─── MATERIAL PROVIDED

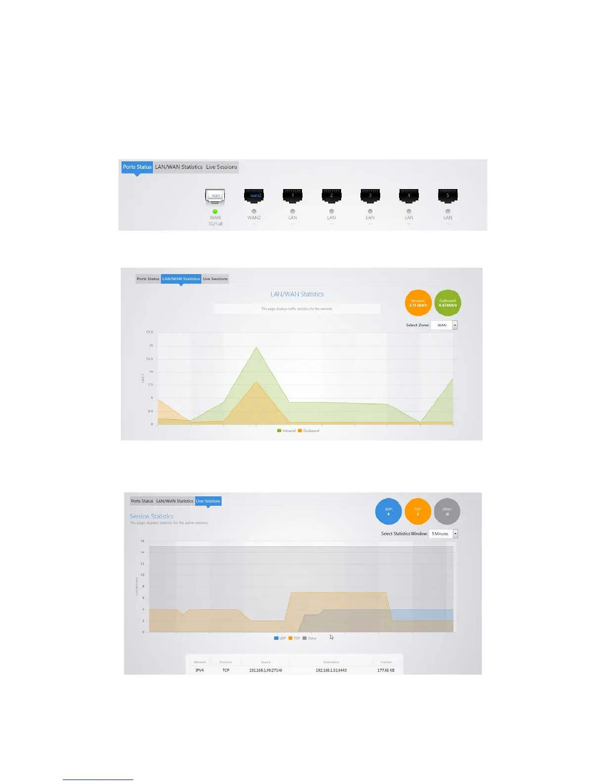 The Live Sessions will display information on active connections. This information includes the protocol
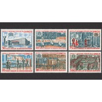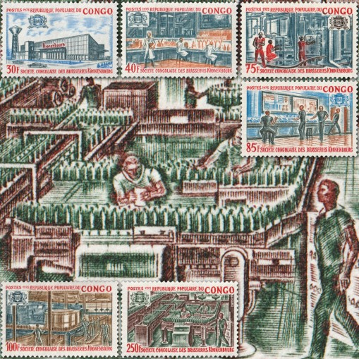 Znaczki ukazują pracę browaru Kronenburg w Brazzaville, stolicy Konga.
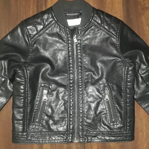 Söpö biker-tyylinen musta keinonahkatakki koossa 86. Myynnissä myös takkiin sopivat bootsit.
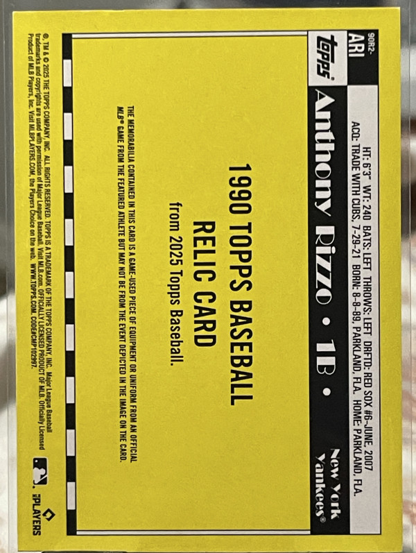 2025 Topps Series 2 -1990 Topps BaseballRelics Anthony Rizzo#90R2-ARI (MEM)
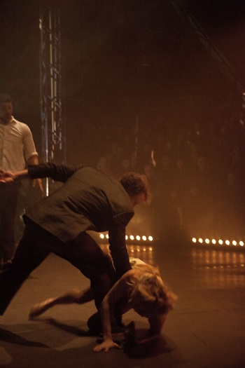 Spor je vyjádřen směsí herecké akce a akrobatických čísel ústřední dvojice a v obdobném duchu se nese i zbytek inscenace: postavy spolu komunikují pohledy i pohybem, civilní pohyb přechází do afektovaného a vrcholem každé scény je akrobatické či jiné efektní číslo.
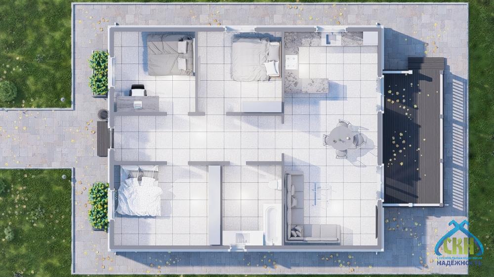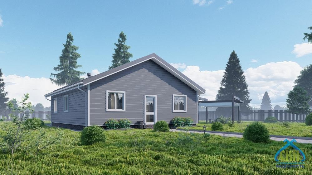 Светлый одноэтажный дом площадью 100,4 кв. м. создан для жизни, в которой важен каждый комфорт. Его архитектура, сдержанная и чёткая, воплощается в двухскатной крыше, подчёркивающей горизонты спокойствия и устойчивости. Панорамные окна стирают границы между внутренним уютом и природным пейзажем, делая каждый день ближе к естественному ритму. Кухня-гостиная 33,96 кв. м. достаточно большая, чтобы собрать родню друзей и коллег за банкетами и тёплыми обедами, а терраса 12,96 кв. м. становится его продолжением под открытым небом. Три спальни и жилая зона общей площадью 36,96 кв. м. дают достаточно места для личного пространства, а холл 12,58 кв. м. служит логичным переходом между комнатами. Санузел 3,96 кв. м. вписан в планировку без излишеств, но с вниманием к деталям. Строительство занимает 34 дня, а прозрачная цена соответствует качеству.
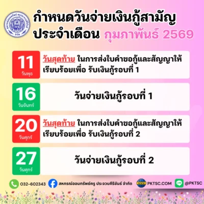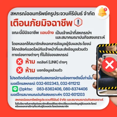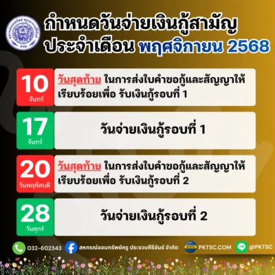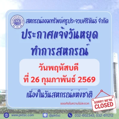 หรือแจ้งโอนเงินผ่านทางไลน์สหกรณ์ฯ ID: @pktsc กดที่นี่
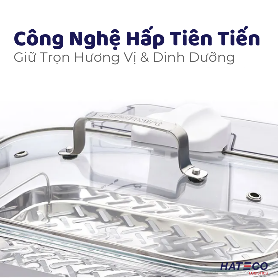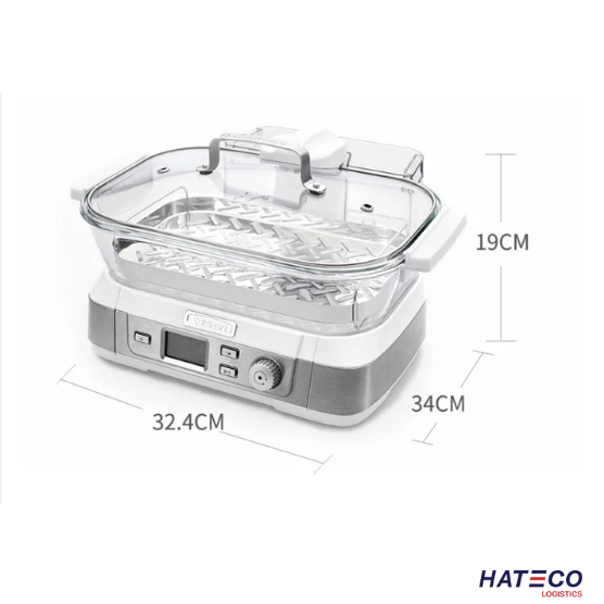 - Nồi và nắp thủy tinh, khay hấp bằng thép không gỉ (có thể đảo ngược) đều có thể rửa bằng máy rửa chén. Đặc điểm chính: Hệ thống hấp mạnh mẽ Nồi thủy tinh an toàn cho máy rửa chén, dung tích 5L 5 chế độ nấu cài đặt sẵn: hải sản, gia cầm, ngũ cốc, rau củ, và chế độ thủ công Hẹn giờ đếm ngược 60 phút Bảng điều khiển LCD Cảnh báo âm thanh Nút Start/Stop, Pause & Reheat Bình chứa nước tháo rời 1L Khay hấp bằng thép không gỉ có thể lật để chứa các loại thực phẩm khác nhau Nắp kính có viền thép không gỉ Không chứa BPA Thông số kĩ thuật: Công suất: 1650W Kích thước bao bì: 445mm × 390mm × 285mm - Rộng x Sâu x Cao Kích thước sản phẩm: 410mm × 335mm × 288mm - Rộng x Sâu x Cao Trọng lượng tổng (cả bao bì): 7,8kg Trọng lượng sản phẩm: 5,8kg
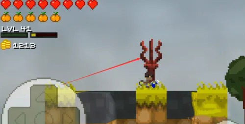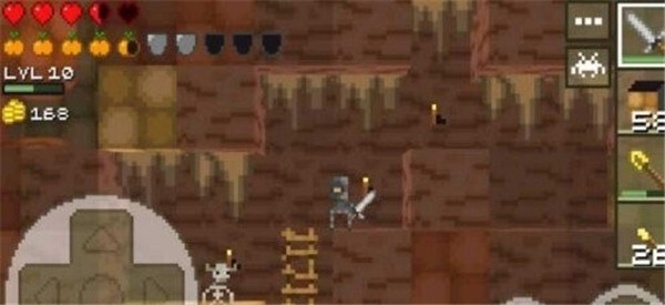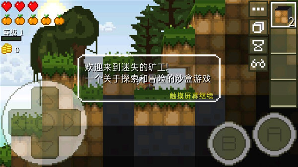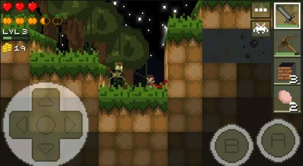屏幕左下角设有控制移动的虚拟摇杆,通过它可操控角色移动并向前探险;右下角的A键为跳跃功能,连续点击两次即可触发两段跳,B键则是攻击键。在冒险过程中,角色需要借助跳跃、潜水和挖掘等动作来保护自身安全。
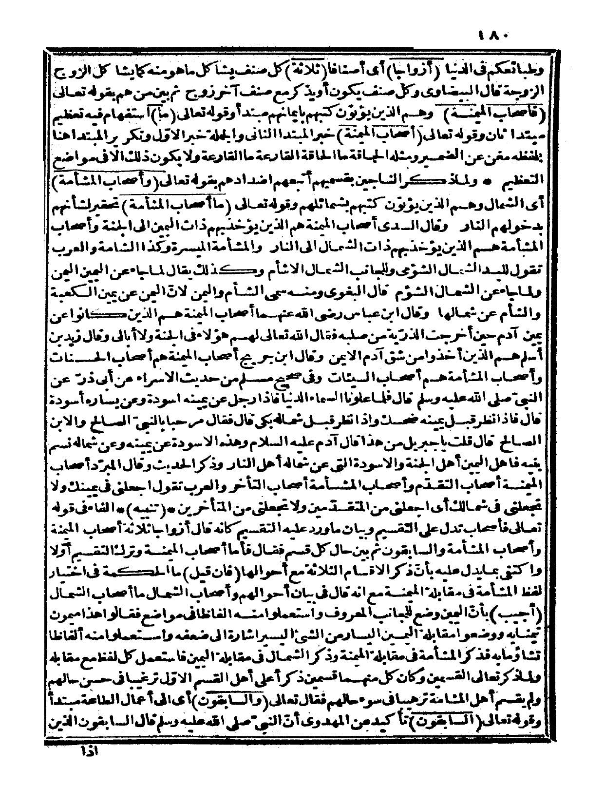 وفي صحيح مسلم من حديث الإسراء عن أبي ذر عن النبيّ صلى الله عليه وسلم قال: «فلما علونا السماء الدنيا فإذا رجل عن يمينه أسودة وعن يساره أسودة قال: فإذا نظر قبل يمينه ضحك، وإذا نظر قبل شماله بكى قال: فقال: مرحباً بالنبيّ الصالح والابن الصالح، قال: قلت: يا جبريل من هذا؟ قال: آدم عليه السلام وهذه الأسودة عن يمينه وعن شماله نسم بنيه، فأهل اليمين أهل الجنة، والأسودة التي عن شماله أهل النار» . وذكر الحديث وقال المبرّد: أصحاب الميمنة: أصحاب التقدّم وأصحاب المشأمة: أصحاب التأخر والعرب تقول اجعلني في يمينك ولا تجعلني في شمالك، أي: اجعلني من المتقدّمين، ولا تجعلني من المتأخرين.
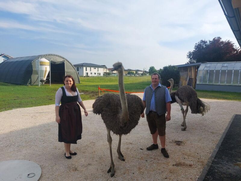 2019 eröffnete das Wirtshaus „Zum Reihofer“ wieder. Die jungen Wirtsleute begannen mit Ziegen in einem Streichelzoo für die Kinder. Irgendwie kamen dann aber schnell drei Sträuße dazu: „Stammgäste sprachen darüber, wie gut das Fleisch ist“, erinnert sich die gelernte Tierpflegerin und Köchin Michaela Schimek. Also probierte man Straußenfleisch und es begann die nächste Episode im Wirtshaus. Sie starteten ihre Straußenzucht. In vielen Gesprächen mit einem Züchter aus Taufkirchen/Trattnach holten sie sich Hilfe und nun ist eben der Strauß los beim Reihofer. „Es gab viel zu lernen“, sagt der gelernte Elektriker Eschlböck-Bauer.
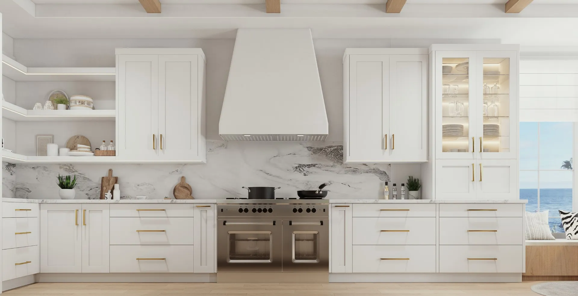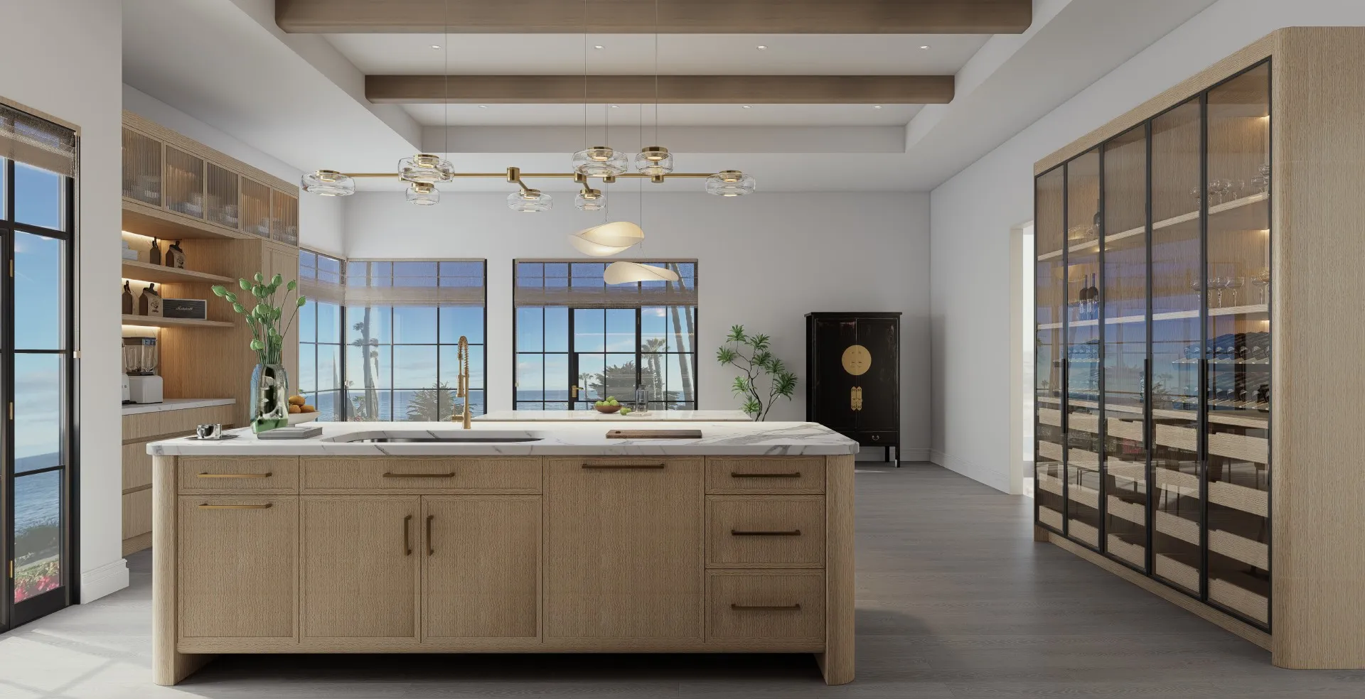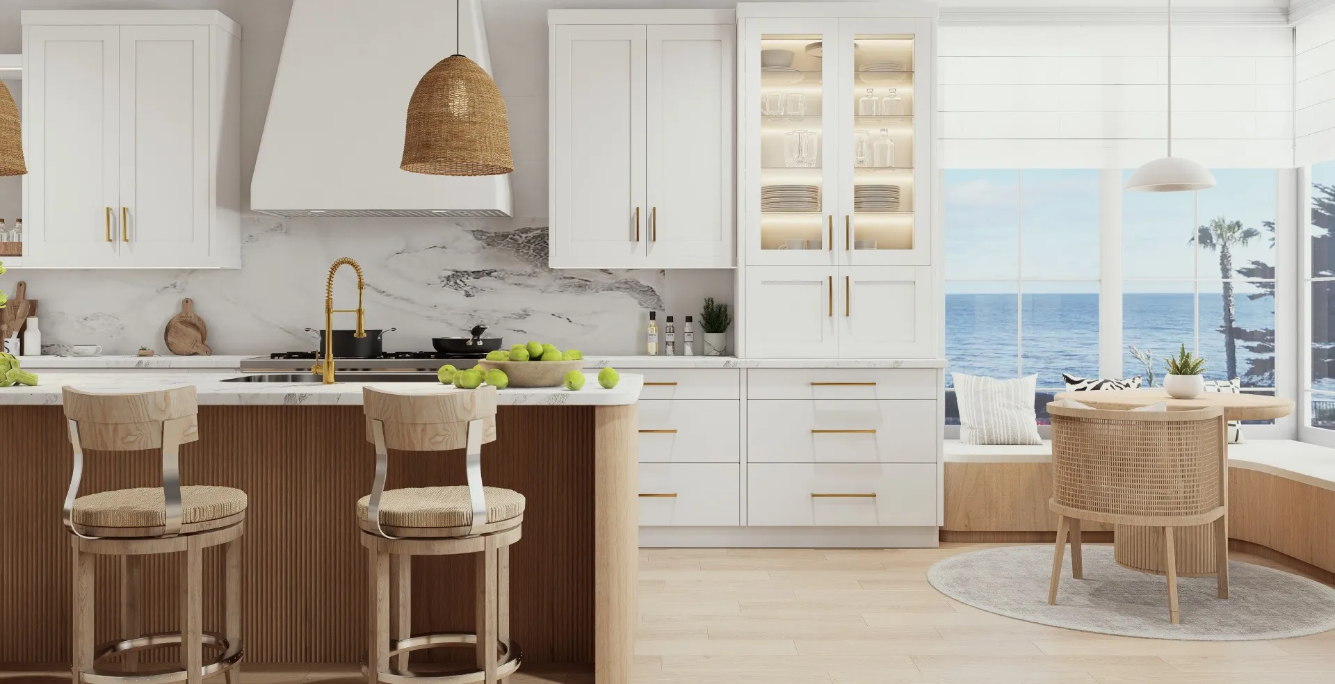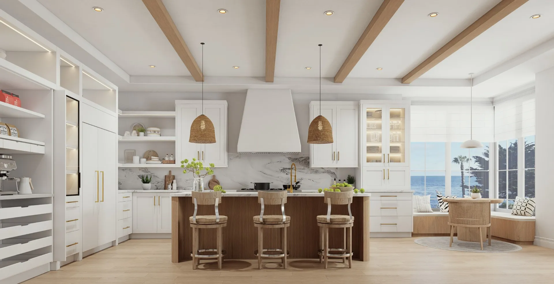 Coastal style captures the quiet elegance of California’s shoreline, light-filled, effortless,and beautifully composed. It balances relaxed comfort with architectural precision, using soft palettes, organic materials, and refined geometry to create interiors that feel open, inviting, and timeless. Rooted in MARRAM’s philosophy of modern casual sophistication,this style reflects the rhythm of coastal living—natural, elevated, and gracefully refined.
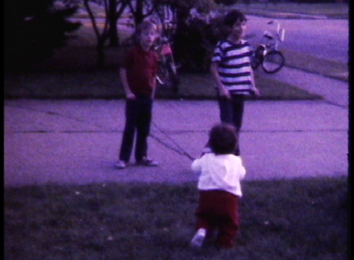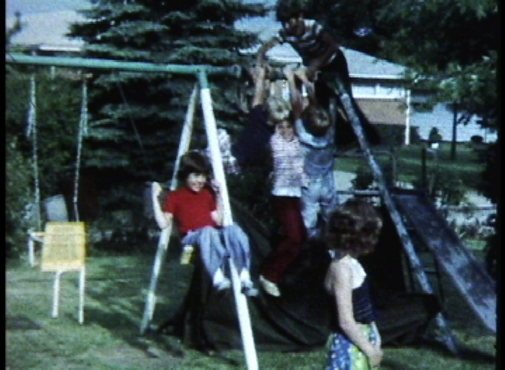 John Bienko, Daniel, Cheryl, Beth, Amy, & Lynn Van Epps playing with a sprinkler at the Van Epps' backyard c.1977-8. 46 sec, .mov 19.6MB.

──────

• WHAT NEEDS TO BE DONE: What you give back must match the lines from the start of the records through the line that contains "หรือแจ้งโอนเงินผ่านทางไลน์สหกรณ์ฯ ID: @pktsc", exactly, with the pictures left out.

• OUTPUT OF THE TASK:
 The Live Sessions will display information on active connections. This information includes the protocol
 Znaczki ukazują pracę browaru Kronenburg w Brazzaville, stolicy Konga.
 Söpö biker-tyylinen musta keinonahkatakki koossa 86. Myynnissä myös takkiin sopivat bootsit.
 2025 Topps Series 2 -1990 Topps BaseballRelics Anthony Rizzo#90R2-ARI (MEM)
 Spor je vyjádřen směsí herecké akce a akrobatických čísel ústřední dvojice a v obdobném duchu se nese i zbytek inscenace: postavy spolu komunikují pohledy i pohybem, civilní pohyb přechází do afektovaného a vrcholem každé scény je akrobatické či jiné efektní číslo.
 Светлый одноэтажный дом площадью 100,4 кв. м. создан для жизни, в которой важен каждый комфорт. Его архитектура, сдержанная и чёткая, воплощается в двухскатной крыше, подчёркивающей горизонты спокойствия и устойчивости. Панорамные окна стирают границы между внутренним уютом и природным пейзажем, делая каждый день ближе к естественному ритму. Кухня-гостиная 33,96 кв. м. достаточно большая, чтобы собрать родню друзей и коллег за банкетами и тёплыми обедами, а терраса 12,96 кв. м. становится его продолжением под открытым небом. Три спальни и жилая зона общей площадью 36,96 кв. м. дают достаточно места для личного пространства, а холл 12,58 кв. м. служит логичным переходом между комнатами. Санузел 3,96 кв. м. вписан в планировку без излишеств, но с вниманием к деталям. Строительство занимает 34 дня, а прозрачная цена соответствует качеству.
 หรือแจ้งโอนเงินผ่านทางไลน์สหกรณ์ฯ ID: @pktsc กดที่นี่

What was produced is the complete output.